| Exercise instructions |
Write out, without any change, the lines in the material below that run from the line with "Tekst, foto's en" through the line with "Dit boekje kan", both included.

| Data to process |
# # # # #

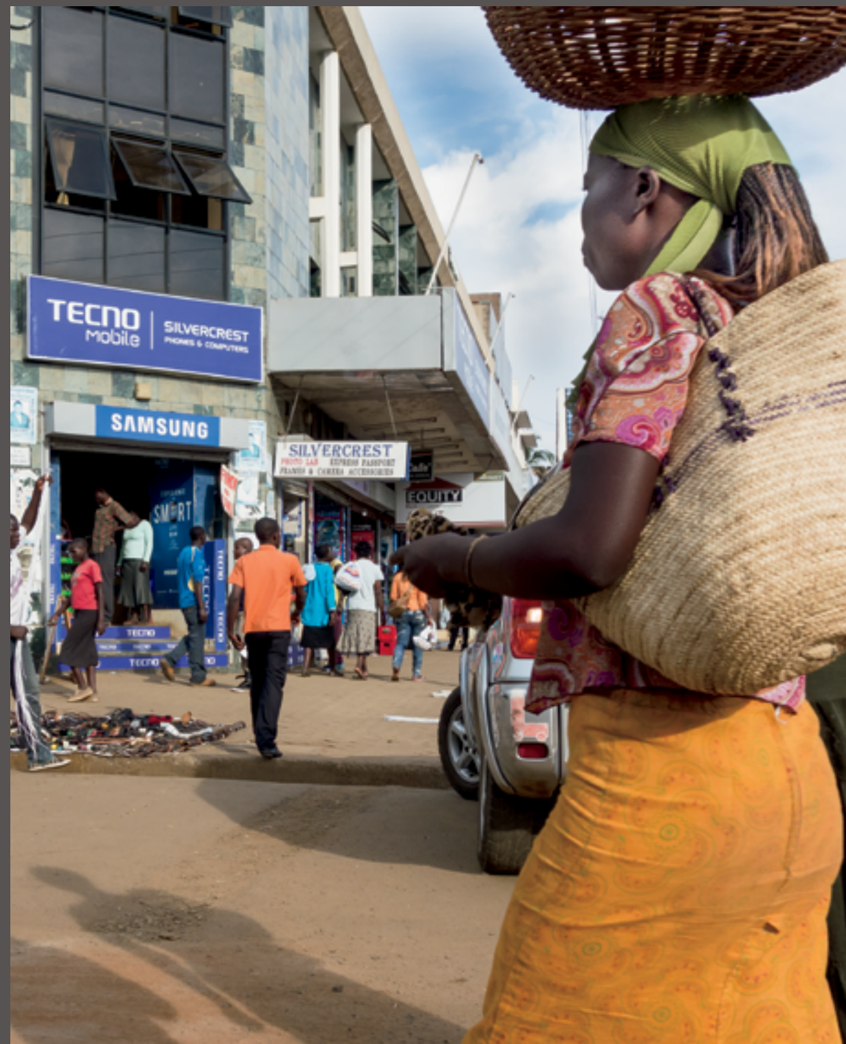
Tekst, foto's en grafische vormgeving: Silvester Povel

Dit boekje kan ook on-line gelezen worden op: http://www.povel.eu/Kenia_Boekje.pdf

# # # # #

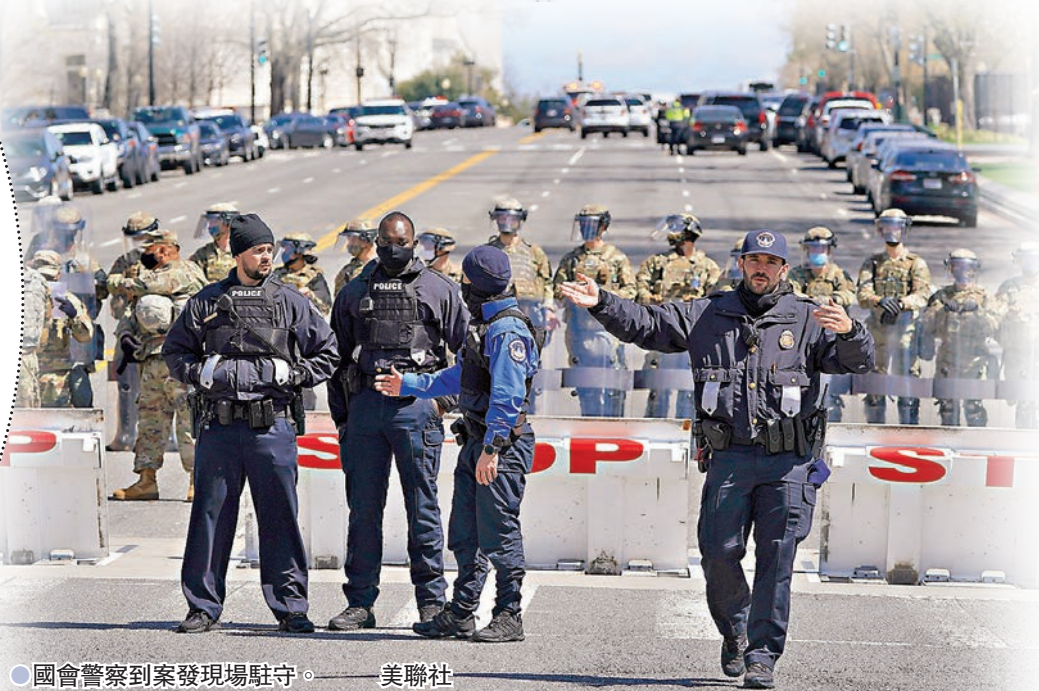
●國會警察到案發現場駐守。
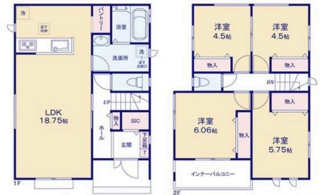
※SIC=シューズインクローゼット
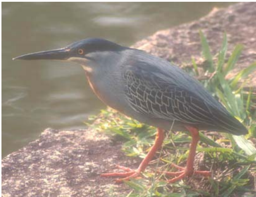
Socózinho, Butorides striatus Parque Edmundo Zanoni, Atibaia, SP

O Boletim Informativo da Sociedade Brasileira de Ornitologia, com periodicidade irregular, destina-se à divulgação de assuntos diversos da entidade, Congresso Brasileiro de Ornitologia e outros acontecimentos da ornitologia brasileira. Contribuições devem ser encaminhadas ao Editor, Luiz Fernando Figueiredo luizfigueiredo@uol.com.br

# # # # #

| Response below |
Tekst, foto's en grafische vormgeving: Silvester Povel

Dit boekje kan ook on-line gelezen worden op: http://www.povel.eu/Kenia_Boekje.pdf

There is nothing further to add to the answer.